Wyden and Cardin pushed for another option in the new law for small businesses that forgo such loans: an employee retention tax credit equal to 50% of up to $10,000 of workers' wages. For qualifying businesses with up to 100 workers, the credit would cover all workers whether they worked or not. But for larger businesses, the credit would be available only for salaries paid to certain employees who did not work in a calendar quarter.

Cardin and other supporters of the employee retention provision said it could be a model for tailoring other tax incentives for businesses of different sizes.

"We are trying to get money to small businesses by giving them relief on their taxes," Cardin told Law360. "It could be payroll taxes.
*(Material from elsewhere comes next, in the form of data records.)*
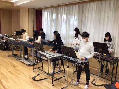 音楽の時間です。個人、セクション練習のあと、全体での合わせに取り組んでいます。
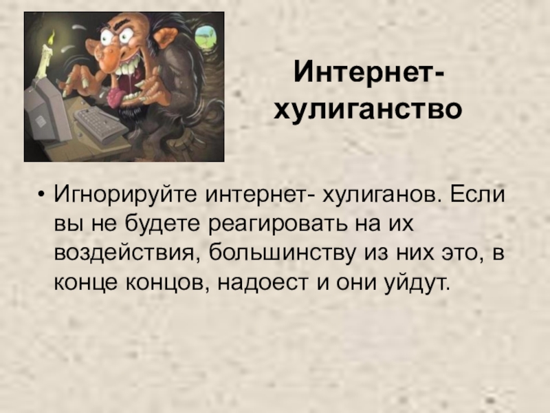 Игнорируйте интернет- хулиганов. Если вы не будете реагировать на их
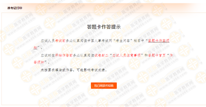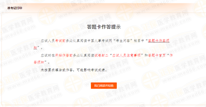 ④進入“答題卡作答提示”頁面,點擊“我已閱讀并知曉”。
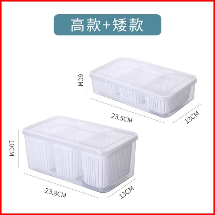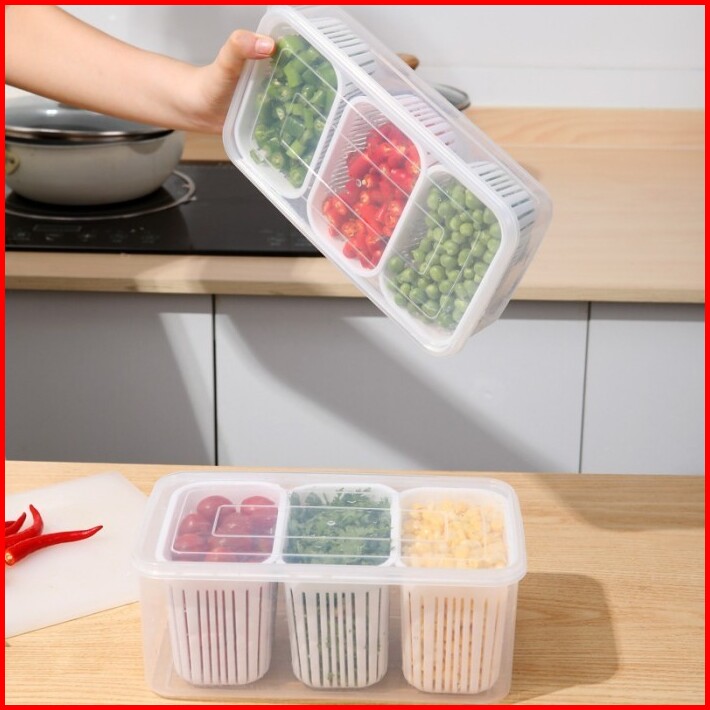 Kotak Kulkas Sekat 3 Saringan Premium Box Penyimpanan Makanan Sayur Buah Refrigerator

It could be income taxes."

Dave Ketchen, professor of management at Auburn University, said the new loan program and tax credit would be enticing to small-business operators facing tough choices on whether to keep staff and stay open. For example, the incentives could sway small-business owners who are considering closing shop to cut losses but are reluctant to lose skilled employees to businesses that need workers, such as grocery stores, cleaning services, logistics companies and delivery services.

"If the financials are slightly tilted toward closing the doors, factoring employee retention into the equation is likely to suggest keeping them open," Ketchen said.
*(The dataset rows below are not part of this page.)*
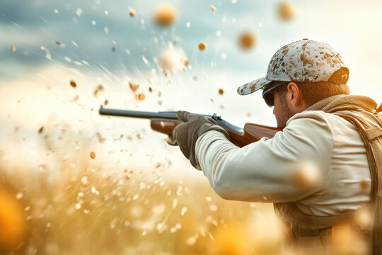 dynamic action shot of man aiming rifle in field, intensity of hunting. scene captures excitement and focus of moment, with debris flying around
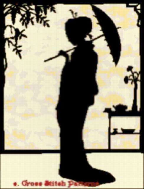 Ориентировочно так, схема вышивки «121», созданная автором girasole, будет выглядеть при отшиве на канве. Размер данной вышивки равен 145x190 крестов, при этом используется 53 цветов. Ключевые слова, по которым можно найти эту схему: восток. Также, вы можете взглянуть на оригинальную картинку, соответствующую данной схеме вышивки.
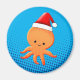 Um polvo de cartoon laranja giro com chapéu de Papai noel. Fundo azul. Ímanes de animais bebês. Ideia de presente para crianças.

With such tradeoffs in mind, some lawmakers said that consensus support for new incentives likely would hinge partly on whether the new loans and worker retention credit are viewed as effective. Some Democrats have called for a replay of the new law's virus relief payments and sending $1,200 to adults — and $500 to children — for individuals earning up to $75,000 and married couples earning up to $150,000.

Senate Budget Committee Chairman Mike Enzi, R-Wyo., a tax writer and former shoe store owner and accountant, said it would take time to gauge the impact of the law as a life preserver for small businesses because many of them are closed.

"It's too early to tell yet," Enzi told Law360, when asked about prospects for follow-up measures to help small businesses stay alive. "This is the biggest experiment the United States has ever had."